GOAL OF THE EXERCISE
With the pictures left out, print exactly the lines below that run from the one containing "视频传播之后,当地回应解释,摄像头不是为了针对举报箱,而是保证附近停车场的安全。" through the one containing "versa. | ||".

RECORDS TO USE
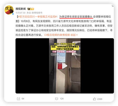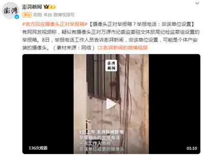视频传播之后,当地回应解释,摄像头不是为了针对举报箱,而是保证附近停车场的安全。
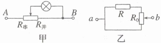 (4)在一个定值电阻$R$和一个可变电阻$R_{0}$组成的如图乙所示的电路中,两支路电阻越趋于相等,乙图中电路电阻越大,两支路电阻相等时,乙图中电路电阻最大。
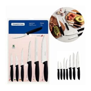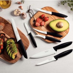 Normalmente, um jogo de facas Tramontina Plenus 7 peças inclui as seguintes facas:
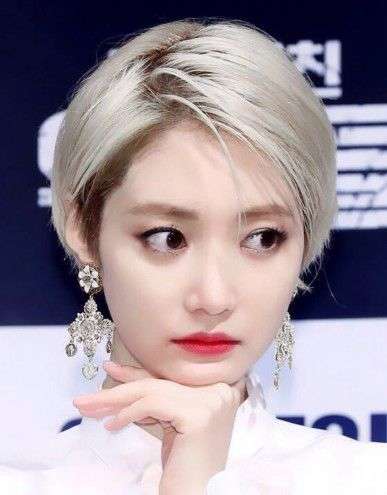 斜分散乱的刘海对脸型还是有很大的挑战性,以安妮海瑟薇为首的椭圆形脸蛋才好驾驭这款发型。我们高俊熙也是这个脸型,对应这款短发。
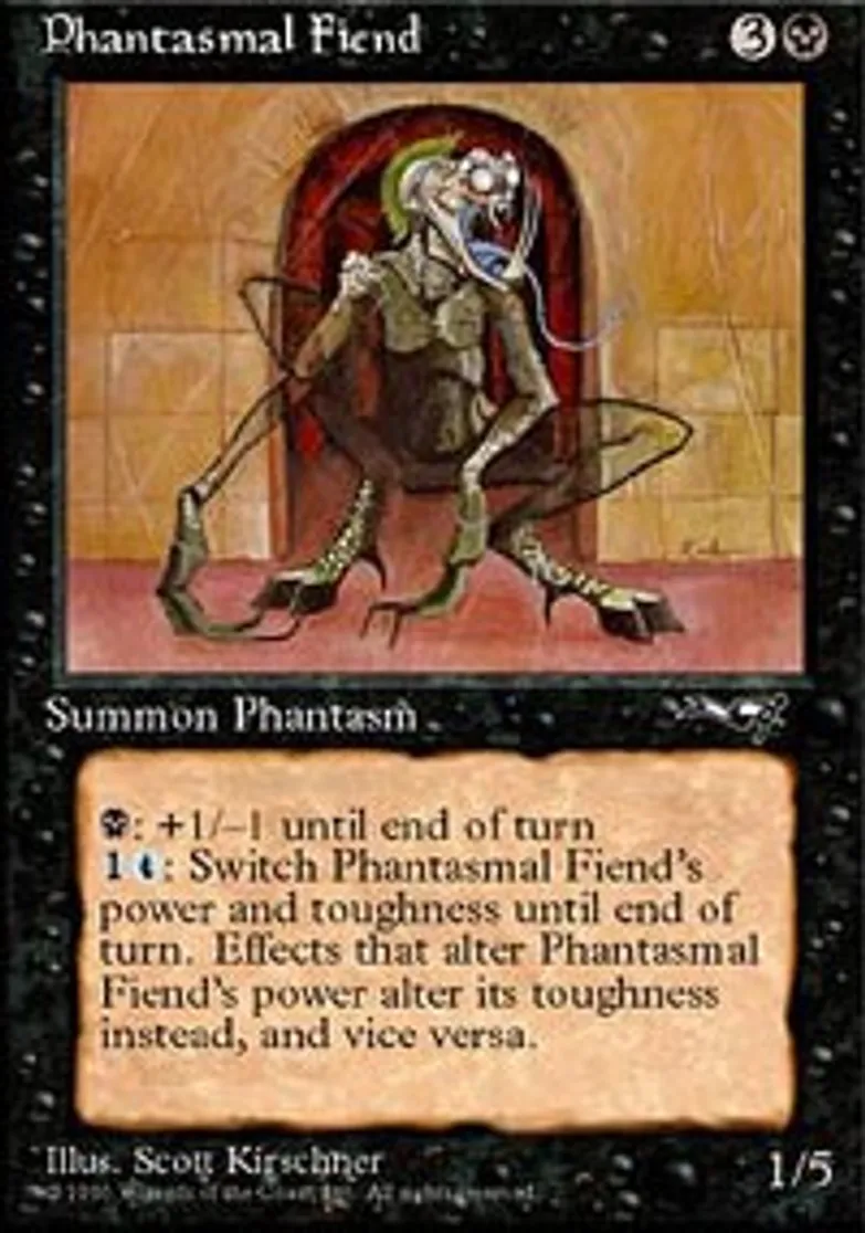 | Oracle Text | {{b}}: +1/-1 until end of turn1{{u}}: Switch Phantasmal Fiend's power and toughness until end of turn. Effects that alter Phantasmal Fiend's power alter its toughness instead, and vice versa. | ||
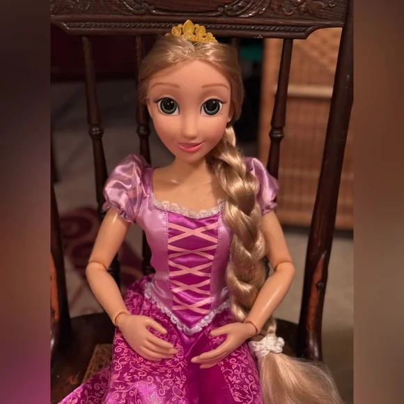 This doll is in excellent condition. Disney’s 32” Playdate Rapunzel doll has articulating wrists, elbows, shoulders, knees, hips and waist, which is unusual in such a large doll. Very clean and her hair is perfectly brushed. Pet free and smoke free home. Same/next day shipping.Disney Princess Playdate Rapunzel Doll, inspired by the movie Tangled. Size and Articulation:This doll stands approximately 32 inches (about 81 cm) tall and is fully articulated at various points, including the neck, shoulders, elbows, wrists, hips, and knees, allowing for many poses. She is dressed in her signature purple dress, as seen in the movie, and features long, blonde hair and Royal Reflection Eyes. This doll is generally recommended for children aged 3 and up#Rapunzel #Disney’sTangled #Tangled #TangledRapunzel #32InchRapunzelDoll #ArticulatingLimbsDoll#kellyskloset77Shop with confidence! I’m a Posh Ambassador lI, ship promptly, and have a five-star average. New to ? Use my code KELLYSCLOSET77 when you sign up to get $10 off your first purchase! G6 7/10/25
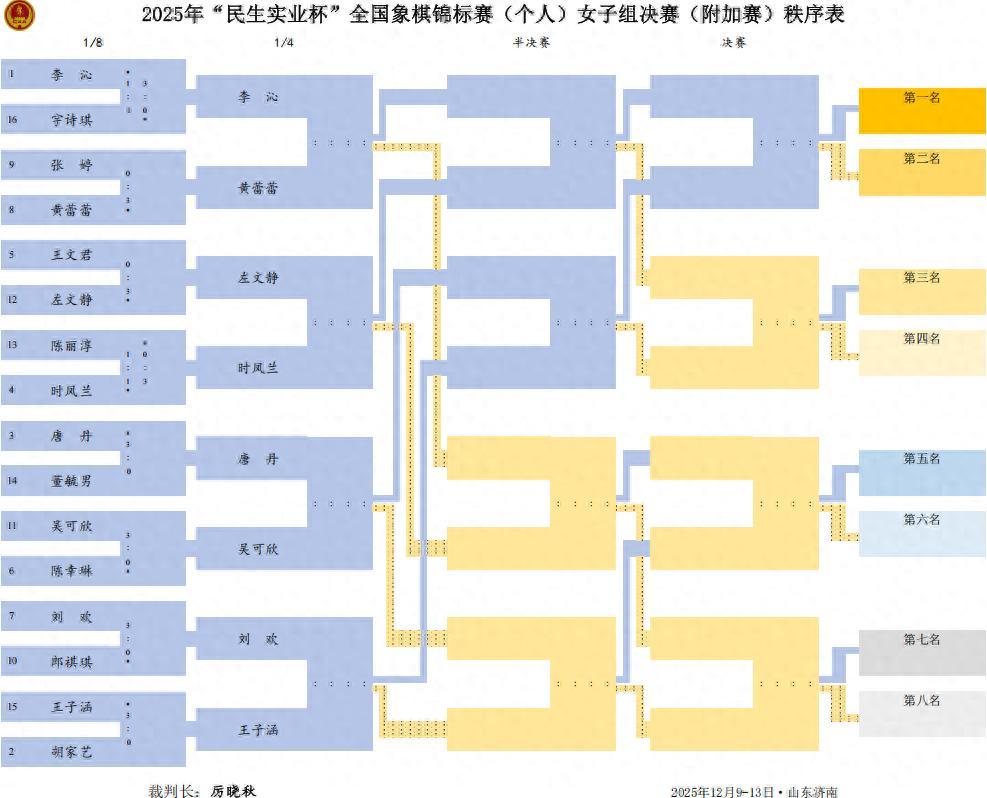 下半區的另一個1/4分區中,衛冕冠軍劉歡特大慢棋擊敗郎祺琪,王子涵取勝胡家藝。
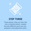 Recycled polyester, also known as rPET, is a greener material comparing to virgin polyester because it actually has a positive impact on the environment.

--

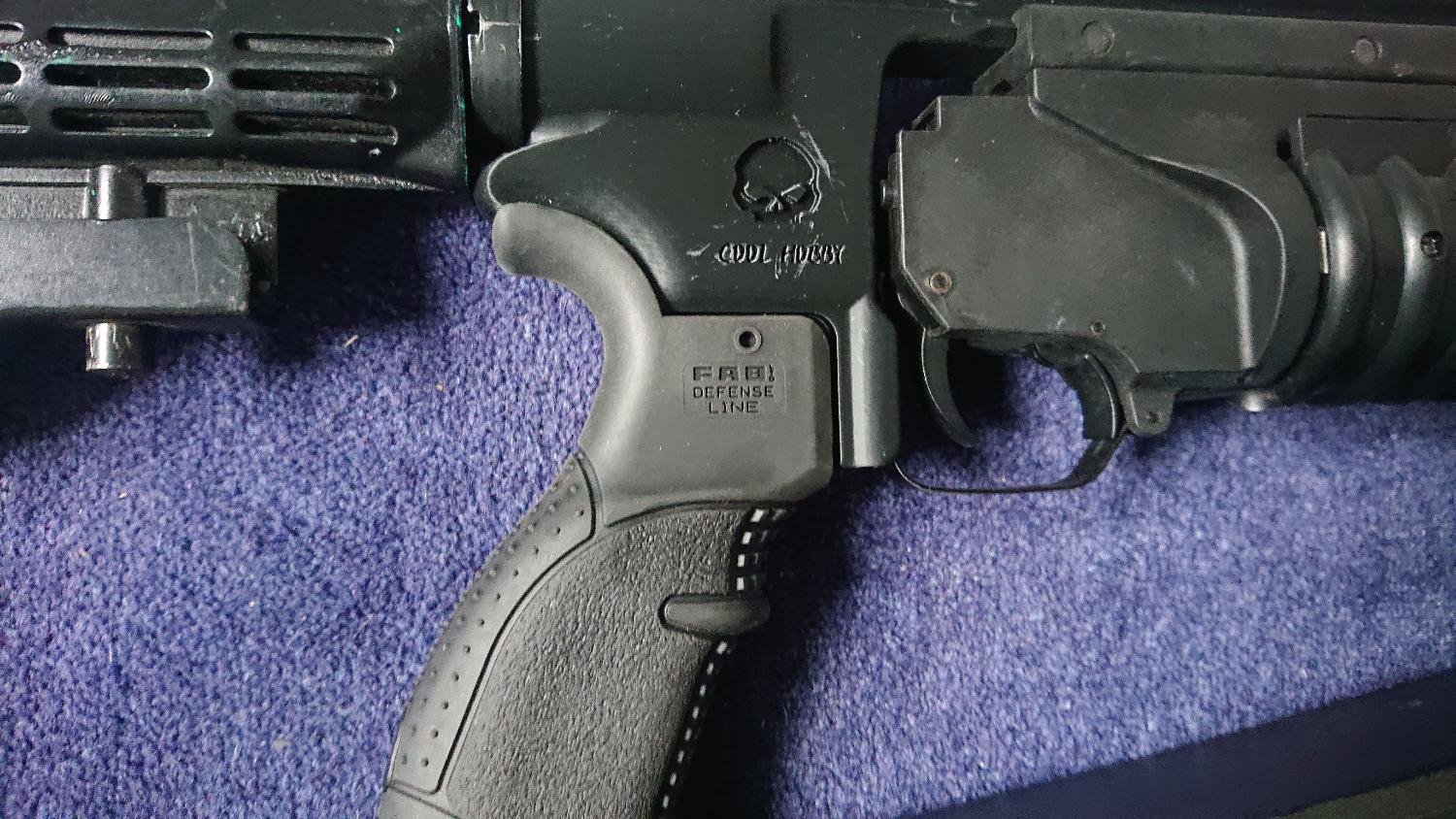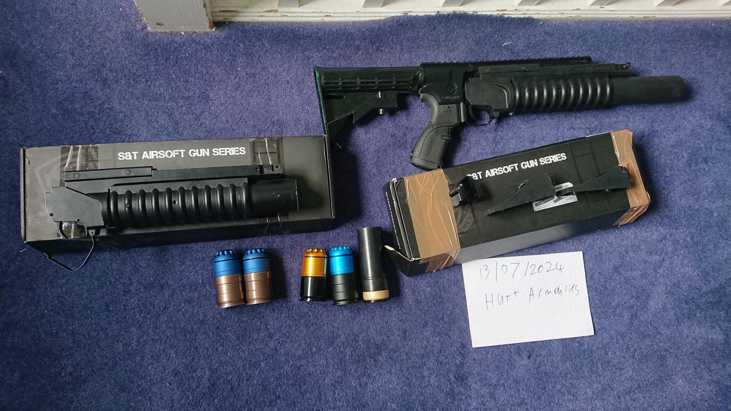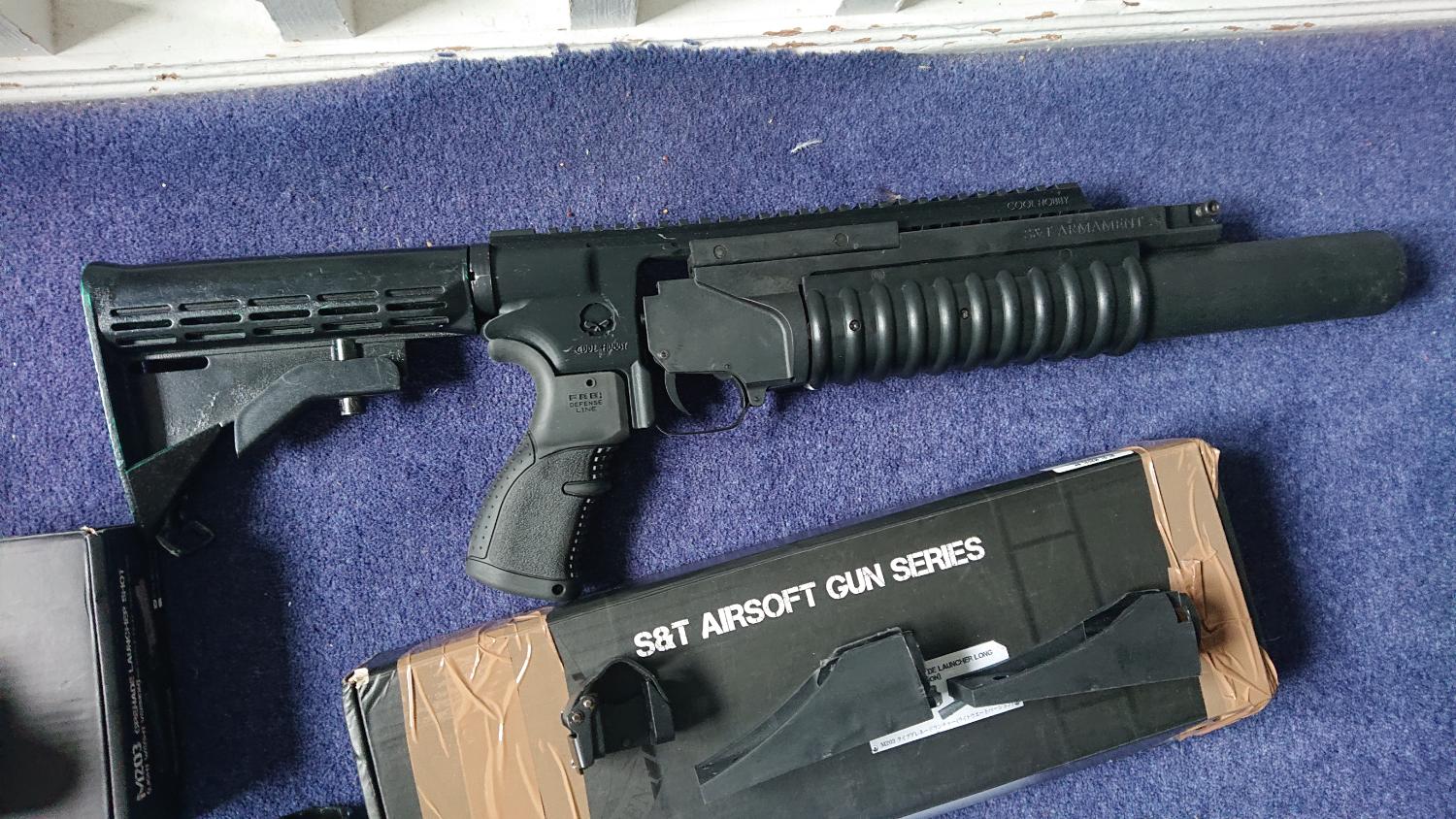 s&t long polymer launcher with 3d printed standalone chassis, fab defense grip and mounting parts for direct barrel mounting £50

COMPLETED TASK
视频传播之后,当地回应解释,摄像头不是为了针对举报箱,而是保证附近停车场的安全。
 (4)在一个定值电阻$R$和一个可变电阻$R_{0}$组成的如图乙所示的电路中,两支路电阻越趋于相等,乙图中电路电阻越大,两支路电阻相等时,乙图中电路电阻最大。
 Normalmente, um jogo de facas Tramontina Plenus 7 peças inclui as seguintes facas:
 斜分散乱的刘海对脸型还是有很大的挑战性,以安妮海瑟薇为首的椭圆形脸蛋才好驾驭这款发型。我们高俊熙也是这个脸型,对应这款短发。
 | Oracle Text | {{b}}: +1/-1 until end of turn1{{u}}: Switch Phantasmal Fiend's power and toughness until end of turn. Effects that alter Phantasmal Fiend's power alter its toughness instead, and vice versa. | ||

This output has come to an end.